Azmodan is a rather alarming change from this- his combination of melee and ranged powers lets him dish out staggering amounts of damage if you aren’t careful, combining both the difficulty of monitoring your battlefield and monitoring your health.
Azmodan packs a staggering five special attacks, nearly twice the number that you’ve seen before, in addition to his hefty melee swings.
The Lord of Sin’s first and most frequently used special attack is a slow, burning magma-ball that he launches. Despite the thing’s low speed, it moves to follow its selected target, so while you don’t need to worry too much about the thing catching up to you, that only applies as long as you remember to try to evade it.
The second power that Azmodan is likely to use on you creates a large reddish ring on the ground. A few moments after the ring appears and for a bit of a while afterwards, exploding corpses rain down on the affected area. While the area is easy to spot and make your way out of, since the corpses do not cause knockback or stagger, the damage they can deal out is fairly strong and the area of effect of this corpse rain is distressingly large.
Third of all, Azmodan packs a beam attack similar to the Wizard’s Disintegrate spell. It’s not quite as powerful, but he can hold onto it for a good while, and it’s got fairly nice range. Backing off or running in circles around him will usually keep you from getting blasted too much, but you’ll want to have ahold of some form of healing if you either get trapped in a ‘corner’ or otherwise prevented from avoiding it.
Fourth, Azmodan echoes his Siegebreaker Beast- if you are in melee with him, he may periodically pick you up and bellow in your face. Unlike the siegebreaker, Azmodan’s mouth is full of blistering heat, and the damage he deals by howling at you is even more excessive. This is his second-most-dangerous offense, and a very good reason for anyone not a Monk or Barbarian to stay away from his reach. Thankfully, even on them he doesn’t use this attack very often at all.

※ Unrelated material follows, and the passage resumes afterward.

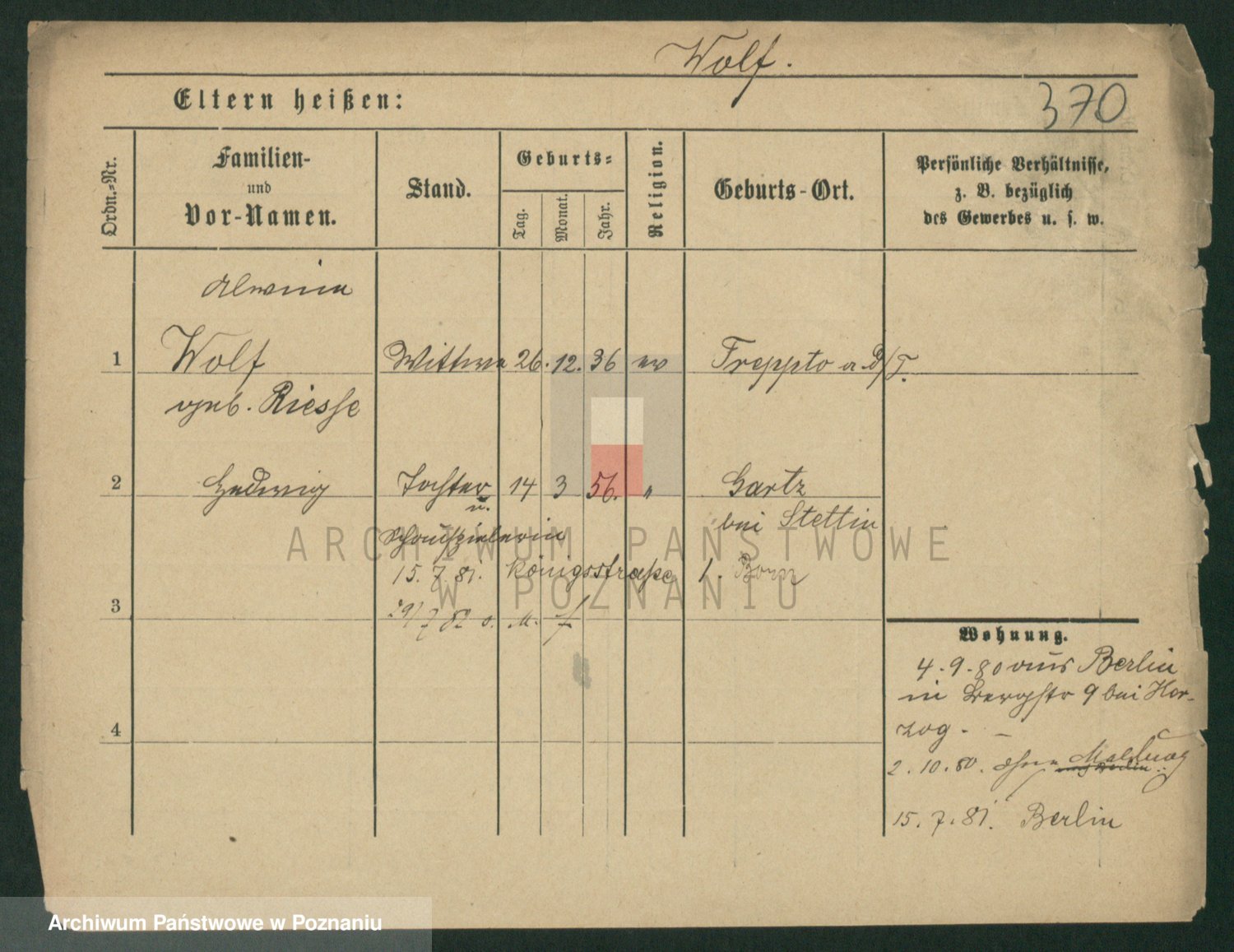 Wolf z d. Linke, Ottilie

Finally, the most devastating of Azmodan’s attacks is one that he thankfully triggers only periodically- but he can use any and all of his other powers while it is going off. This ability of his causes pools of blackness to appear and expand all over the battlefield, one by one. Each of these pools covers more than half the area you can view in a single screen, and over the course of ten to twenty seconds, he can reduce the safe area in his entire arena to a few misshapen spots of clear ground. Thankfully, they pass after another ten to twenty seconds once all of them have spawned, but in the meantime- stay out of the black stuff. These pools are pure poison, and they will eat your life away faster than anything else Azmodan does. This is especially dangerous because the poison pools overlap, but since all of them are pitch-black, you can’t actually see clearly how many you’re standing in at any given moment.
Azmodan is a boss you have to be willing to take your time with- while his health is low enough that you can really pump a lot of damage into him, the Lord of Sin’s pools of poison absolutely must be evaded, and the corpse rain and magma ball will make fairly short work of you as well with repeated hits. Be ready to escape these nasty areas of effect, even if it means not hitting the Demon Lord for a while.
If you can manage to keep your head on and stay out of the nastiness he spreads on the floor, fighting Azmodan becomes relatively easy, if dangerous- just misplacing your feet enough to stand in black poison for a few seconds can spell doom for your challenge to his supremacy. Stay alert, stay on your toes, and keep dishing out the hits when you get the opportunity.